The most cost effective method of incapacitation would involve the allocation of prison resources more selectively, through the early identification of the most active offender group--selective incapacitation. Selective incapacitation, however, has drawn fierce criticism on both ethical and pragmatic grounds. From an ethical standpoint, sentencing exclusively according to risk is said to violate fundamental legal principles by allocating punishment on the basis of expected future behaviour (Dershowitz, 1973), undermines proportionality in sentencing (Capune, 1988), and would likely be applied disproportionately to various social groups (e.g., minorities, the young) (Capune, 1988; Gabor, 1985).
Practically speaking, the prediction enterprise is essentially unable to identify high-rate career offenders prospectively (in advance) (Petersilia, 1980; Greenberg and Larkin, 1998). Also, studies attempting to predict offender risk tend to have false positive rates (i.e., over-predictions of dangerousness) of over 50% (Auerhahn, 1999).

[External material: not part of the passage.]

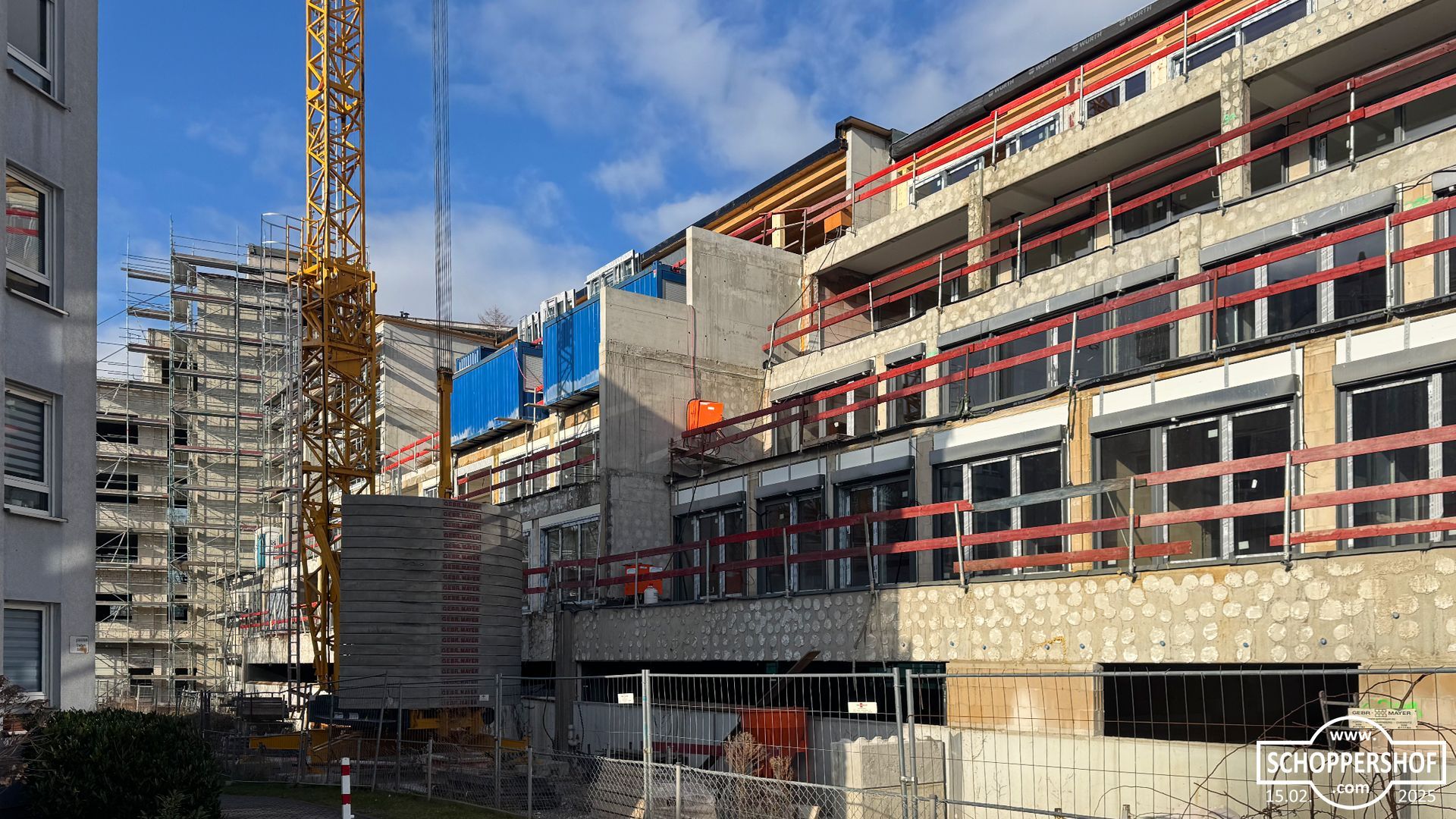 Die beiden Gebäude der Wohnanlage Merianstraße 32 und 32a wurden in den 1990er Jahren für die Deutsche Telekom errichtet und dienten vor dem Umbau als Bürogebäude.

Furthemore, it is believed that many high-rate offenders are already incapacitated under existing sentencing practices, thereby limiting the potential gains under a selective incapacitation policy (Beres and Griffith, 1998; Nagin, 1998). In any event, MMS tend to adopt a collective rather than selective incapacitation approach, as they are usually triggered by specific or repeat offences, rather than offender-specific risk-related attributes.

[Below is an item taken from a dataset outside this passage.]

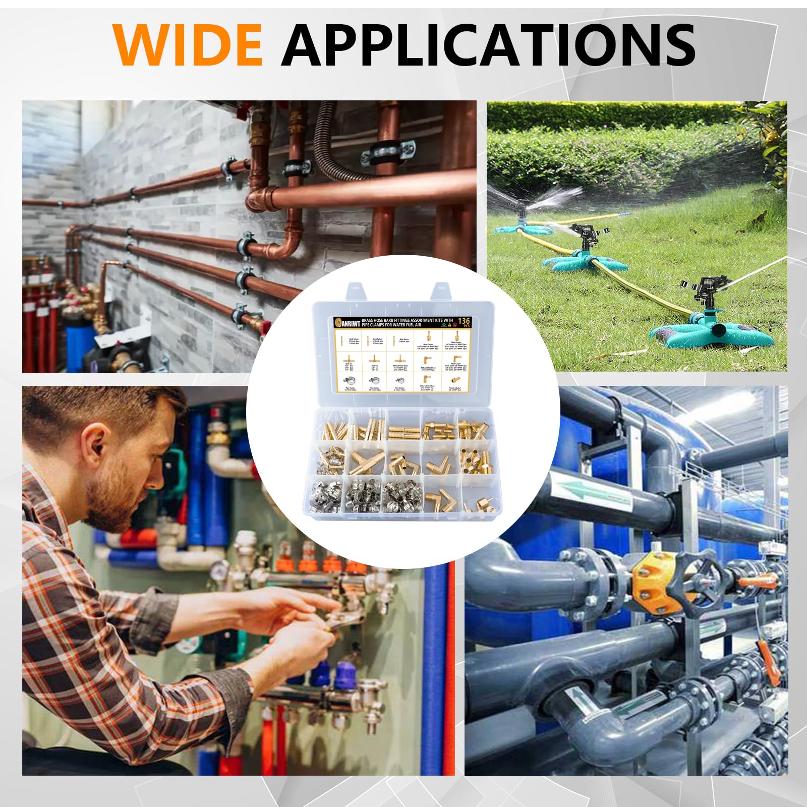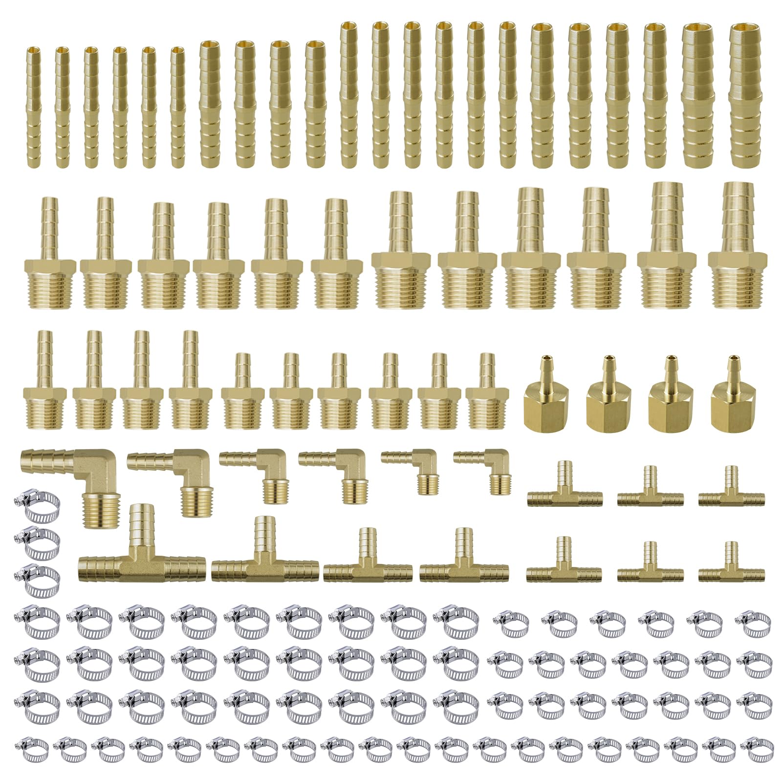 136Pcs Brass Hose Barb Fittings Assortment Kit Barb Splice/Female Adapter/Coupler/Tee/Male Elbow NPT Thread 1/8" 3/16" 1/4" 5/16" 3/8" 1/2" Air Hose Fittings with Pipe Clamps for Water/Air/Fuel

Finite prison space has implications for both incapacitation and deterrent effects. As it is difficult to simultaneously increase both the rate of incarceration and the length of prison sentences, the respective benefits of each must be considered. One study has found that a sentencing regime involving shorter sentences (one year) for a large offender base (all convicted persons) is more efficient than one involving longer sentences (four years) applied to a smaller offender base (repeat felons) (Petersilia and Greenwood, 1978). The crime preventive yield of both strategies was estimated to be the same, although the cost of the latter strategy would be far more substantial in terms of the size of the prison population.